Miss Meredyth, dressed in rose colour, with a sailor’s hat perched coquettishly on her fair hair, looks uncommonly pretty, and so Carlton Conway seems to think, for he is so engrossed in regarding her that the Berangers’ Victoria is passed unnoticed.
“I thought it was the Meredyth girl’s money the man was after, but he seems to be énormément épris,” Lady Beranger remarks indifferently, hoping the shaft will fly straight home and cure all remaining nonsense in her daughter’s head, or heart, or wherever it may be.
Zai answers nothing. With a sharp pang of misery and jealousy, she, too, has noticed how devoted Carl seems. Après cela le Déluge.
She is thankful when her mother orders “Home.” She is sick of bowing and smiling when she would like to lie down and die; but nevertheless she trips airily down to the dining-room, eats more dinner than is her habit, and after this goes into the conservatory and plucks a couple of the reddest roses she can find.

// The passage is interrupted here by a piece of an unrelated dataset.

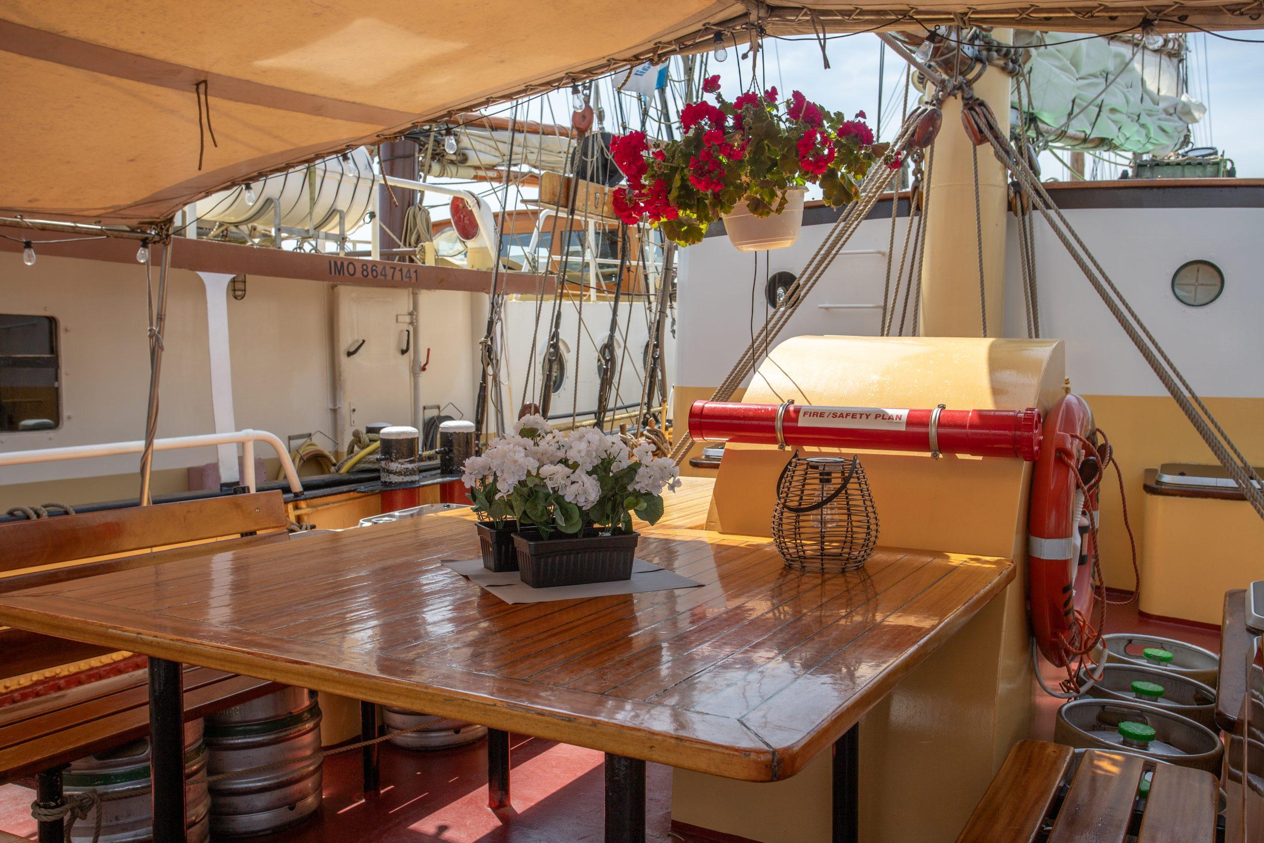 Our traditional tall ships all have a large outdoor area with seating and a cozy day room. Of course, sanitary facilities are also available. The service on board will take care of your drinks requirements. Snacks and snacks are also available on board.

“Fanchette, make me awfully pretty to-night!” she coaxes, and the femme de chambre is nothing loth. Zai has every “possibility,” as she calls it, of being belle comme un ange, and more than satisfies her exquisite Parisian taste when her toilette is complete.
“She wants but two little wings to make her a veritable angel,” Fanchette says to the English maid who assists her in her duties. “Mees Zai is the flower of the house!”
“Flower of the flock, you mean,” Jane corrects.
“No, I do not,” Fanchette replies, offended. “I have never heard of flowers in a flock. I have heard of a flock of goose—and you are one of them.”
Meanwhile, Zai stands before her mirror. Her eyes are so sad—so sad, that they look too large for her small white face.
“Oh, Carl! Carl!” she says, half aloud, “you have forgotten me quite! And I love you—love you so much that my heart is broken, Carl!”